Die kleine Abbildung ist aus dem Büchlein „Quadri liturgici domenicali“, mit dem Severino Fabris (1922-2016) der römisch-katholischen Sakralkunst Anregungen geben wollte. Dazu wurde er eigens vom Verlagshaus Elledici zu diesem Werk beauftragt. Nach heutigem Empfinden sind die Abbildungen auf Einzelblättern durchaus traditionell, doch damals wurden sie als revolutionär empfunden. Eingang in den liturgischen Gebrauch haben sie zunächst nicht gefunden, und auch in der Sakralkunst sind keine konkreten Umsetzungen der Vorschläge Fabris bekannt. Sie wurden aber nochmals in einem Messbuch des gleichen Verlages verwendet, dem bekannten „Messale dell’Assemblea Cristiana“ (Turino, um 1980, S. 1315).
Das Bild „Gerusalemme Celeste“ ist ein typisches Produkt der 1970er Jahre, als Quadrate und klare Linien überaus geschätzt waren. Eine ideale himmlische Stadt stellte man sich damals als Hochhausagglomeration vor. Nicht zufällig fehlen Lebensbaum und Lebensfluss, denn an Natur wurde hier nicht gedacht, wie Fabris schreibt: „Die Stadt Gottes hat als Basis die zwölf Edelsteine.
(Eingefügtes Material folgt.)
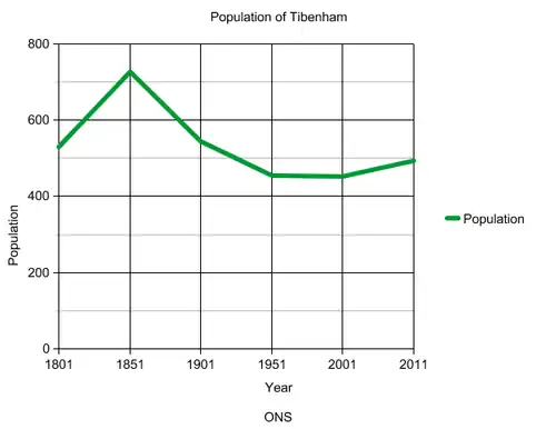 According to archived census data, in 1881 the population of the village was 707.[8] With the southward shift in industry within the country, as well as a shift in career opportunities, it can be seen that Tibenham has since seen a decline in population with the 2011 census totalling 494.
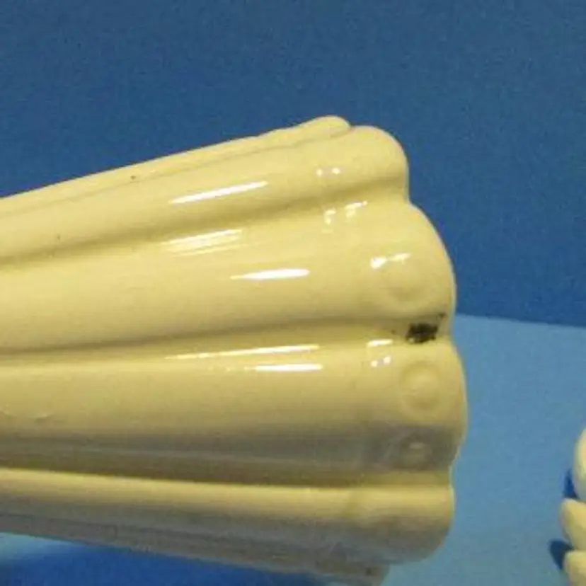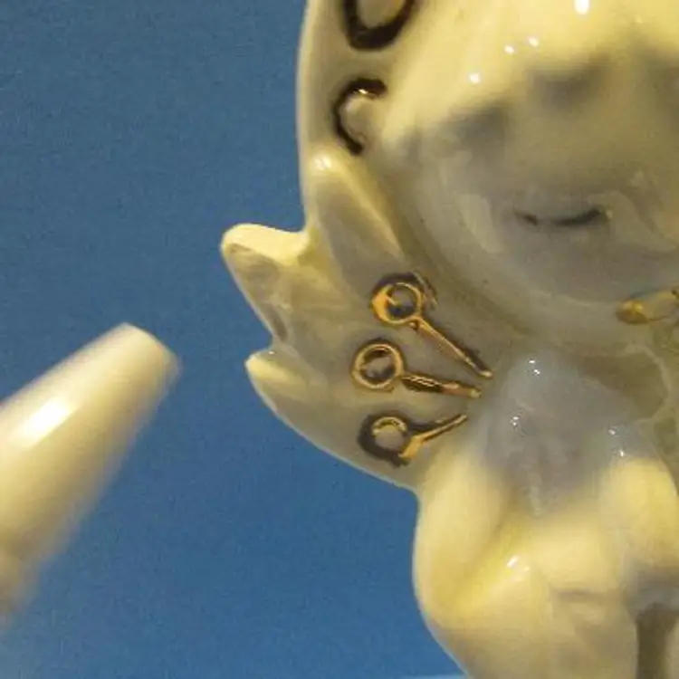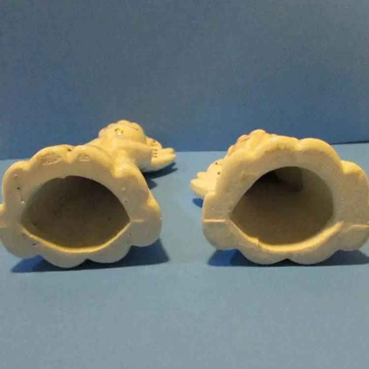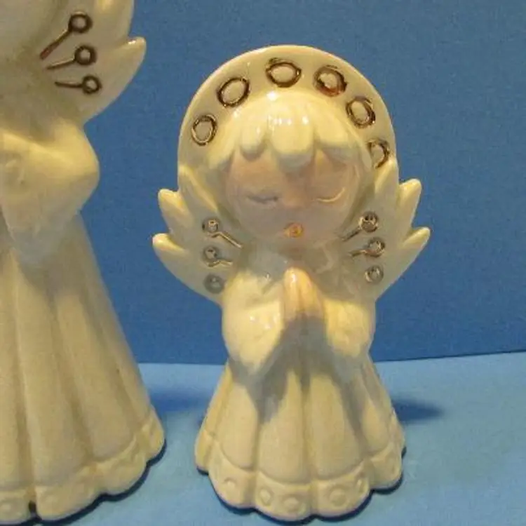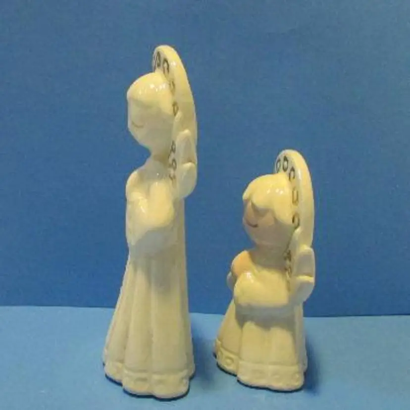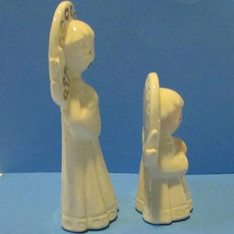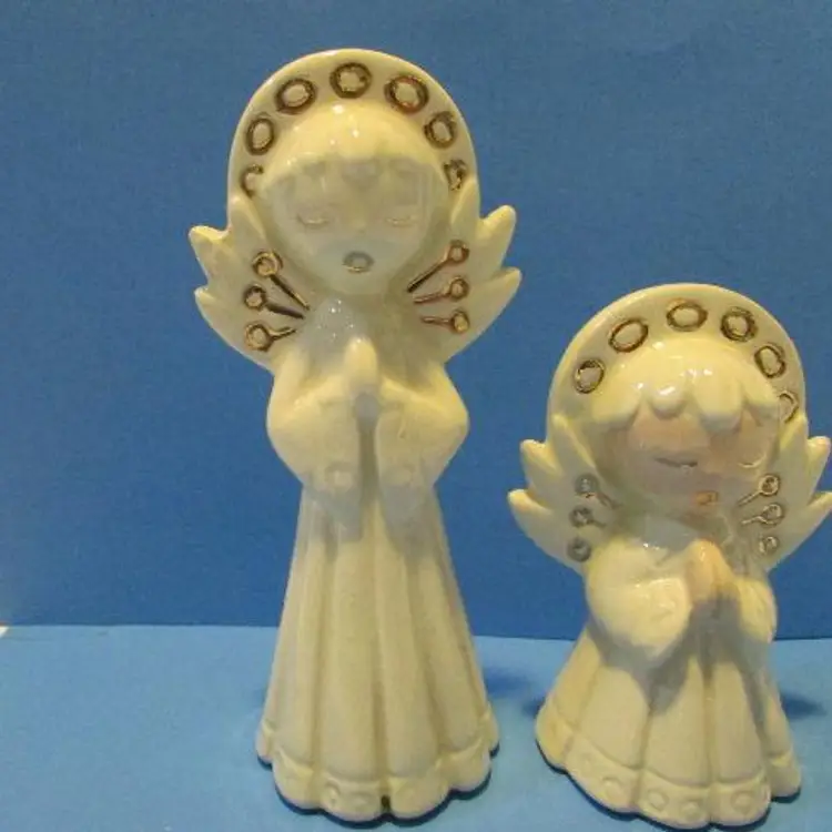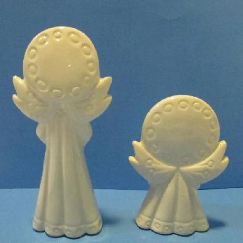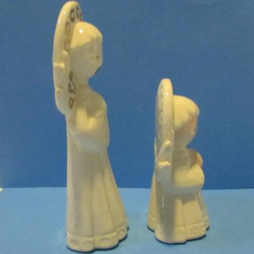 This is a nice set, the one figure has some wear there is a glaze skip and a black mark on the bottom of the robe. The small one has a peach tone for face and hands, the larger one is just white. The smaller angel is about 3 1/4" x 2" x 1 1/2" and the larger one is about 4 3/4' x 1 1 /2" x 2". This is shipped from a smoke free home. Thanks for looking! locub18

Um sie herum wurde schon seit dem Mittelalter das Paradies dargestellt. Das war aber grafisch in einem Symbolbild kaum umzusetzen. So entstand die Idee, oben eine Stadt aus dem Anfang der Menschheit und unten eine vom Ende der Menschheit einzufügen“. Über dem Ganzen schwebt das Agnus Dei mit der Siegesfahne, ein in der römisch-katholischen Kirche Italiens gerne verwendetes Christussymbol. Unerwartet hat diese Miniatur über das Internet eine späte Verbreitung gefunden, nachdem mehrere italienische Gemeinden um 2005 begonnen hatten, ihre Homepages mit den Bildchen von Severino Fabris auszuschmücken.

Severino Fabris: Quadri liturgici domenicali. Terza Serie, o.O. 1978.